There's no doubt mobile technologies have already made a big dent on our lives. However, research firm Gartner believes the impact of mobile technologies on our lives will continue to surge over the next couple of years. We look at ten mobile technologies to watch in 2010.

There's no doubt mobile technologies have already made a big dent on our lives.

Whether its checking is surfing the web from your netbook while at the airport, updating your Facebook status from your smartphone, or even reading a novel on an e-book reader.

According to research firm Gartner, the impact of mobile technologies on our lives looks set to continue to surge in the next couple of years too.

Gartner says investments in mobile applications and technologies will increase through 2011 as organisations emerge from the recession and begin spending again.

With this in mind, the research firm has picked out the 10 mobile technologies to watch in the coming years.

"We are highlighting these 10 mobile technologies that should be on every organisation's radar," said Nick Jones, vice president of Gartner.

Jones said the technologies were selected "because they will evolve in ways that affect corporate strategies, significant numbers of customers or employees will adopt or expect them, or they will address particular mobile challenges that organisations will face through 2011".

Bluetooth (3 and 4)

Two new Bluetooth versions will emerge by 2011: Bluetooth 3 will introduce 802.11 as a bearer for faster data transmission, and Bluetooth 4 will introduce a new low-energy (LE) mode that will still allow communication with other Bluetooth devices.

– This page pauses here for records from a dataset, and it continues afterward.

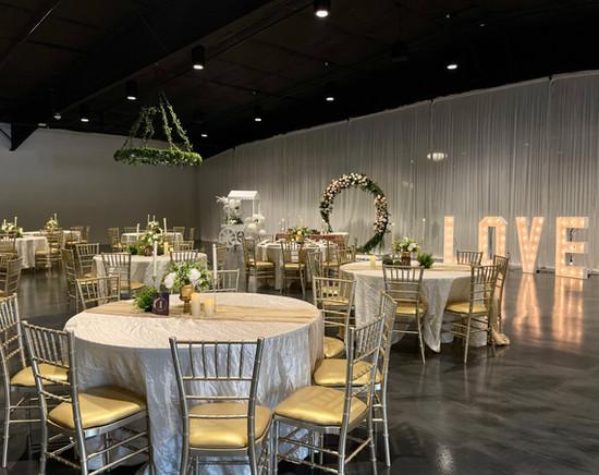 Nestled conveniently near the I-24 and accessible via the US Alt 41 Bypass, our venue boasts both indoor and outdoor spaces, ideal for creating cherished memories on your special day. Picture this: you start your wedding day in the comfort of our on-site dressing rooms, preparing for the magic ahead. As you step into our main event space, you'll be captivated by its elegant industrial-chic vibe, complete with exposed beams and ample natural light pouring in through large windows. With space for guest counts of 100-1000, our function room sets the stage for a dreamy reception, featuring beautifully decorated tables and twinkling chandeliers that add a touch of glamour to your celebration.
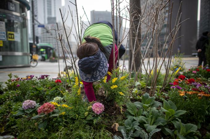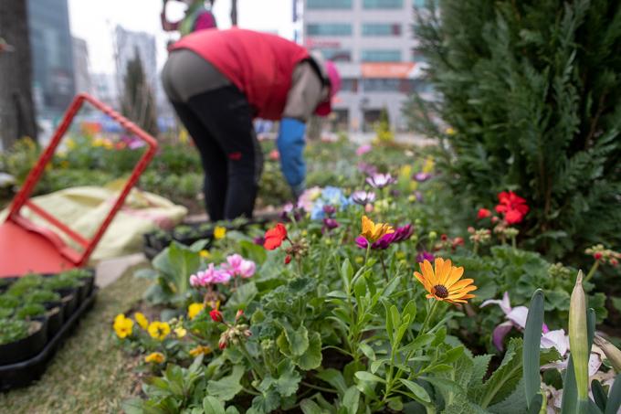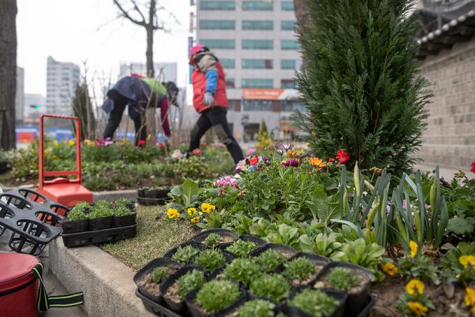 코로나19가 일상을 옥죄는 삶이 계속되고 있지만 계절은 무심한 듯 옷을 갈아입고 있다. 어느새 꽃샘추위도 없이 완연한 봄날 기온으로 움츠린 어깨가 펴지는 계절이다. 15일 오전 서울 덕수궁 앞 화단에서 서울시 관계자들이 봄꽃을 식재하고 있다.
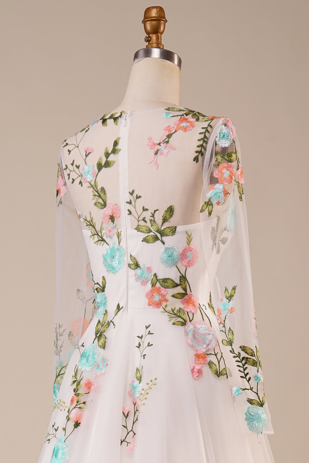 Langärmeliges Elfenbein Brautkleid aus Tüll mit Stickerei
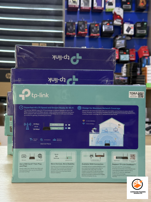 *TP LINK Archer MR200 SIM Router* _AC750 Dual Band Wi-Fi_ _(300Mbps + 433Mbps up to 5GHz)_ ▪︎ Connect up to 64 devices with ease ▪︎ 2 Detachable LTE Antennas for Better Performance ▪︎ Factory Unlocked to all networks (UNIVERSAL) ▪︎ *Mobile App* for easy management ▪︎ LTE: Download Speed 150 Mbps + Upload Speed 50 Mbps ▪︎For smartphones, Laptops 👩💻, CCTV cameras, and other

Both versions will include other technical improvements to improve battery life and security.

Gartner believes that Bluetooth 3 will be employed for activities that need a lot of bandwidth, such as downloading images and videos from handsets).

Bluetooth LE will offer functions, such as the ability to lock down a PC automatically as soon as the user moves away from the machine.

The mobile web

Gartner says that by 2011, over 85 percent of handsets shipped globally will include some form of browser.

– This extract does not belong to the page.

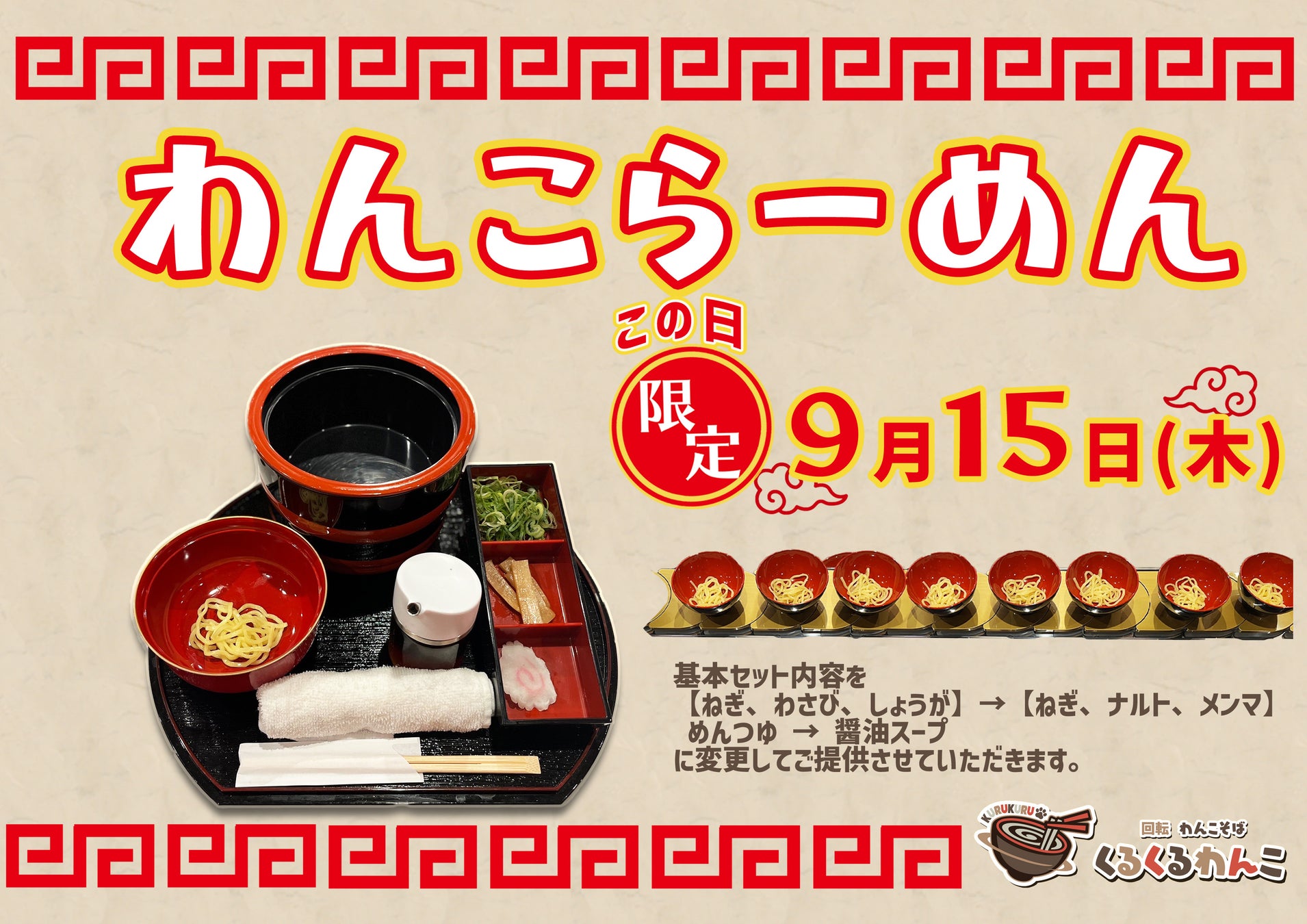 くるくるわんこは、わんこの日(15日)に限定でお蕎麦以外の食材がレーンに乗って流れてきます!日本初の回転わんこらーめんの実施を開始いたしました。

Furthermore, in Europe and Japan, smartphones with sophisticated browsing capability and the ability to render conventional HTML sites in some manner will make up around 60 percent of handsets shipped.

The growth in smartphones with relatively large and high-resolution screens will encourage greater numbers of people to access conventional websites on mobile devices.

Mobile widgets

Widgets are web apps that use technologies such as JavaScript and HTML.

Many handsets support widgets running on their home screens, where they are easily visible and accessible.

Gartner says that despite the lack of standards, widgets provide a convenient way to deliver simple, connected applications, especially those involving real-time data updates such as weather forecasts, email notifications, marketing, blogs and information feeds.

"Because widgets exploit well-understood tools and technologies, they have lower entry barriers than complex native applications, and thus can be a good first step to assess the demand for an application on a specific platform before undertaking expensive native development," the research firm says.